With the home ownership dream just out of reach for some, more Australians are choosing to rent rather than buy.

According to the finder.com.au Home Loan Insights Survey, 32% of the respondents choose to rent, which is a significant jump from last year’s survey, which was 10%. The survey also found that 14% said it was easier living with parents, which has also risen from 10%.

Despite the RBA cash rate being on hold since August 2013, the property market has not seen a great increase in first home buyer activity. According to Michelle Hutchison of finder.com.au, “first home buyers are not in a hurry to get into the property market as few plan to save a smaller deposit to get onto the property ladder sooner”.

In 2013, 62% of first home buyers were going to save a smaller deposit in order to get into the property market sooner, but this has reduced to 41% this year. According to this survey, 38% of prospective home buyers find it difficult to save a sufficient deposit. This has been one of the biggest concerns for first home buyers for a number of years. 

According to the Genworth Home Grown (Edition 5), prospective home buyers who believe that now is a good time to buy has steadily dropped since 2012. In September 2012, 57% of prospective first home buyers believed it was a good time to buy, this dropped to 49% in September 2013 and then to 37% in September 2014. This is a indication that it may becoming less attractive for first home buyers to buy in the current market. 

Another indicator is that first home buyer finance has also continuously dropped since 2009. According to the Genworth Home Grown (Edition 5), the percentage of first home buyers as a proportion of all properties financed was 31.4% in May 2009. This has dropped to just 11.8% in August 2014. 

So how can first home buyers become more pro-active and confident in order to boost numbers in the property and mortgage market? 

Prepare your finances: Before you can purchase a property, you will need to have your finances prepared and the sooner you can do this, the better. Obtaining a home loan pre-approval early will give you a limit to how much you can spend.  Also, as you have already completed the groundwork for the home loan application, you can confidently bid at a property auction or make an offer for a private sale. To get a pre approval you will need to complete an application and supply your documents. But don't think you have to wait in the queue to apply - it can all be done online from your lounge room. Once pre approved you will be ready to start looking.

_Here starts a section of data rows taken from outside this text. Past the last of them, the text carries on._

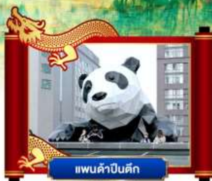
แพนด้าเซลฟี
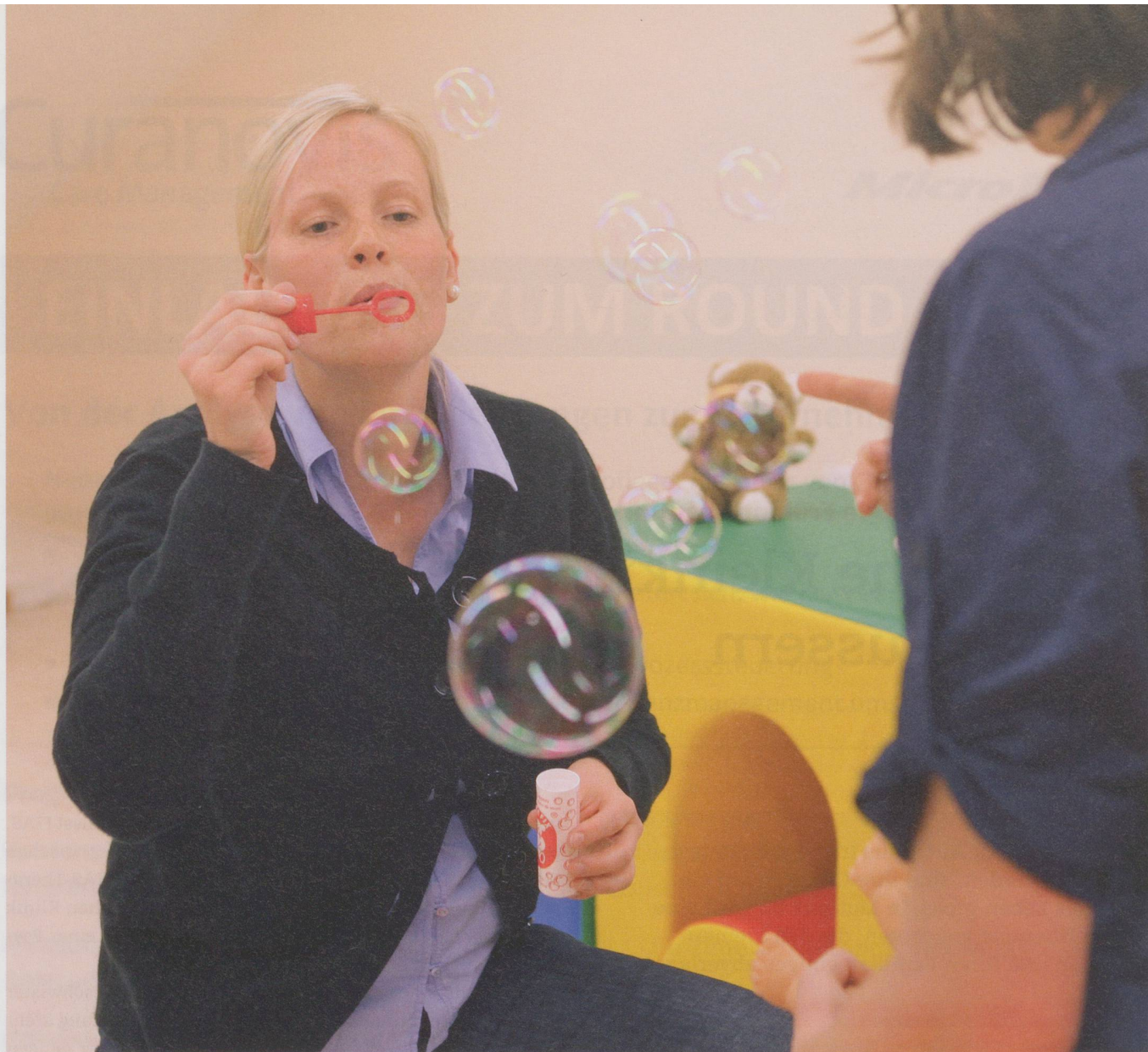
Kontaktaufnahme mit Seifenblasen: Während des Spiels stehen Kind und Spielpartner unter therapeutischer Beobachtung.
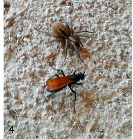
Fig. 4.- Fotografía de Entypus unifasciatus dumosus (Spinola, 1851) acechando a Lycosa sp., sector urbano.

Understanding how much you can borrow is quick and easy and can be completed on the go. To get instant feedback on how much you can borrow, try the State Custodians Instant Online Pre Approval. It only takes a few minutes and gives you an instant result and an email confirmation of all the details. Best of all you can experiment with different purchase prices and loan amounts to see which one works best for you.

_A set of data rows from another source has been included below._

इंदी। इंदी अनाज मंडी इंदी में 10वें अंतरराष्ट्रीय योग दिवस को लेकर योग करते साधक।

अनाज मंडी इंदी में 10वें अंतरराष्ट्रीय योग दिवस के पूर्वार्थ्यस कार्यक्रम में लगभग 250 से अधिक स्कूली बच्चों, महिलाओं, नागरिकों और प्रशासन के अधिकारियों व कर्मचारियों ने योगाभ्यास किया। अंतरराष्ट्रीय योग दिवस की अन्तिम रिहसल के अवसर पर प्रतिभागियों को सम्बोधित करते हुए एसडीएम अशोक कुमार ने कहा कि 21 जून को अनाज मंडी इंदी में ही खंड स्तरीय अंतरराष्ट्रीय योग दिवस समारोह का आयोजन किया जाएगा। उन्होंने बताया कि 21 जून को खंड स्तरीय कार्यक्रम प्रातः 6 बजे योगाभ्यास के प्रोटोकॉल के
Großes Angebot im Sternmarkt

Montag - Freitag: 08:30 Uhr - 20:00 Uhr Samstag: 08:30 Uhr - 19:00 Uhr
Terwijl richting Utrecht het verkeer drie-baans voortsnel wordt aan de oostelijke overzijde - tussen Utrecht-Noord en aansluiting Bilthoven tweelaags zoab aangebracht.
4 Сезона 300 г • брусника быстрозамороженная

Review your debt: Credit cards, personal loans, HECS debt and other ongoing financial commitments could affect your borrowing power. So, although you need to save for a deposit, it is also important to keep your debt under control. A large number of credit cards and personal loans can increase the number of enquiries on your credit report and if these outweigh your assets it looks out of balance for lenders and they will look at your application with caution. It is also important to note that when assessing your home loan application, a lender will use your credit card limit, not the amount you owe. So, even if you have $0 owing on the card, they will still include the limit. Therefore, if you have a credit card or large limit that you do not use, it may be beneficial to cancel or reduce it.

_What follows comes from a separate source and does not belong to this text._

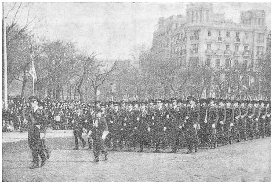
La isócrona uniformidad y corrección de movimientos, en el orden cerrado, son prueba de disciplina y adhesión al Jefe.

"Castigará sin cólera." Algo hemos dicho ya. Salvo los flagrantes delitos de insubordinación, nunca te dispares al castigar; medita un rato siempre antes de traducir en gritos, ni aun en palabras, no siempre todo lo serenas que exige un mando ecuaníme, la justa indignación que te produzca una falta; tranquilízate primero; ten por norma escuchar al que faltó, que tal vez baste la íntima violencia que un hombre honrado tiene que hacerse para justificarse, o la confesión sincera, para corregirlo, y siempre que recibas un parte por escrito, antes de resolver llama para escuchar a quien te lo dirigió, que al dar tiempo y lugar a la reflexión,

Become an investor: If you are able to live at home and don't mind doing so for longer, why not consider saving for a deposit to purchase an investment property? Living at home could enable you to fast track your savings and you may look to pay less for an investment property than one you want to live in. When you purchase you will have a better idea of what your contribution will be after the rental income. By living at home and having a good positive cash flow, this may be a lot less stressful than if you were paying rent yourself.